In terms of comparables, while there are some busts, there are also several guys who’ve carved out a valuable three-down role in the NFL. But again, it’s worth pointing out that Johnson is younger than all of them. He may not be an explosive athlete, but neither was Dalvin Cook.
Johnson came in sixth in the Scouting Index, just behind Penny, and eighth in Anthony Amico’s RB Model.
The Landing Spot
While Johnson profiles as a workhorse back, it’s going to be tough to flash those skills on a crowded depth chart.
Johnson seems to fill no immediate need for the Lions. He’s solid runner with a penchant for scoring TDs, but so is LeGarrette Blount. He’s a prolific pass catcher out of the backfield, but so is Theo Riddick.

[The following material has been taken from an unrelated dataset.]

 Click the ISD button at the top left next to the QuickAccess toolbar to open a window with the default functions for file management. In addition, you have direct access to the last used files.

Our look at RB opportunity scores shows that Detroit was the second-worst landing spot in terms of free targets and rushes.
None of this is to say that Johnson can’t emerge as a workhorse back in Detroit, but it may take some time.

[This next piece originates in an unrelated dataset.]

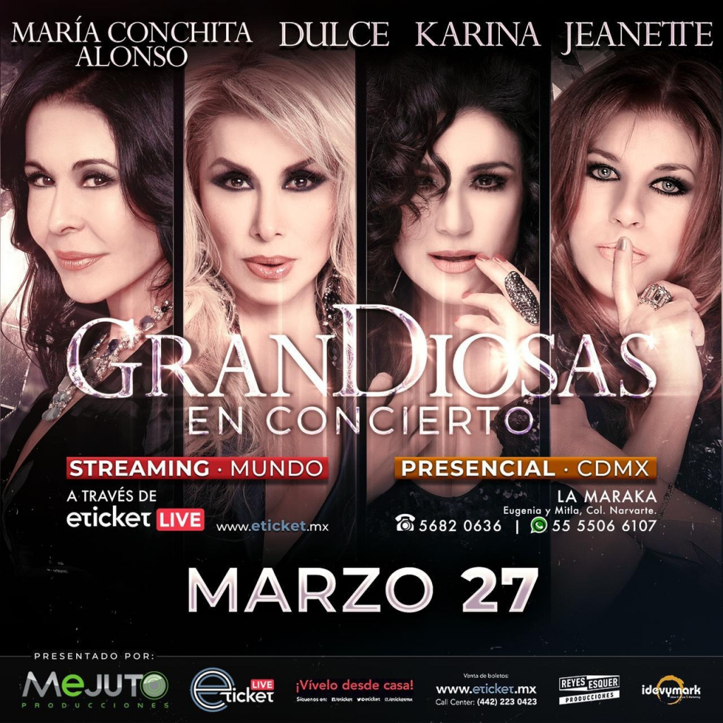Enrique Santiago / La Voz de Michoacán Morelia, Michoacán. La pandemia ha alejado de la vida diaria los conciertos en vivo, pero eso no ha sido impedimento para que los cantantes se acerquen a su público. Tal es el caso más reciente del éxito rotundo de Gloria Trevi con su streaming internacional presentado en días pasados. Ahora es el turno al exitoso concepto musical ‘GranDiosas’, creado por Hugo Mejuto, que presentará un elenco multiestelar e internacional, tanto de manera presencial en ‘La Maraka’, un centro de espectáculos de la Ciudad de México, como vía streaming a través de la plataforma Eticket, el próximo sábado 27 de marzo. Así, la versión 2021 de este show estrena una GraDiosa. Con grandes éxitos como: ‘Soy rebelde’, ‘Porque te vas’, ‘Frente a frente’, ‘El muchacho de los ojos tristes’ y ‘Corazón de poeta’, la cantante Jeanette, por primera vez en toda su historia musical, se presentará en show en tierras aztecas y nada menos que en este espectáculo tan bien recibido por el público mexicano. María Conchita Alonso Dulce Karina Jeanette Definitivamente, ¡No te las puedes perder! Te dejamos el enlace para que adquieras tus boletos. eticket/granDiosas

Blount is on a one-year contract, and it would only cost the Lions $2 million in dead cap money if they wanted to cut him this year. Ameer Abdullah hasn’t been able to stay healthy and is a free agent after this year. Riddick is signed through 2019.
While there are a lot of bodies in the Detroit backfield, none of them are good enough to block a second-round draft pick in the long term. I do think Johnson starts games at some point this season, but as one of the youngest players in the draft, the Lions have no need to rush him.

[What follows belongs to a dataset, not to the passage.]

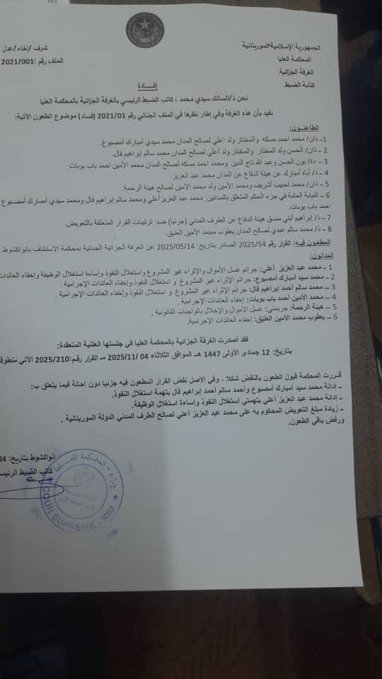 كما أيدت المحكمة العقوبات الصادرة بحق كل من محمد ولد امصبوع، صهر الرئيس السابق، والمرخي؛ ورجل الأعمال محمد الأمين ولد بوبات.

Johnson’s stock in rookie dynasty drafts takes a bit of a hit with the perceived lack in opportunity. He’s currently an early second-round selection, and I expect to see him slide into the mid-to-late second of rookie drafts.
If he does, he immediately becomes a stellar value pick for those owners willing to wait a year or two for Johnson to get the chance to fulfill his three-down potential.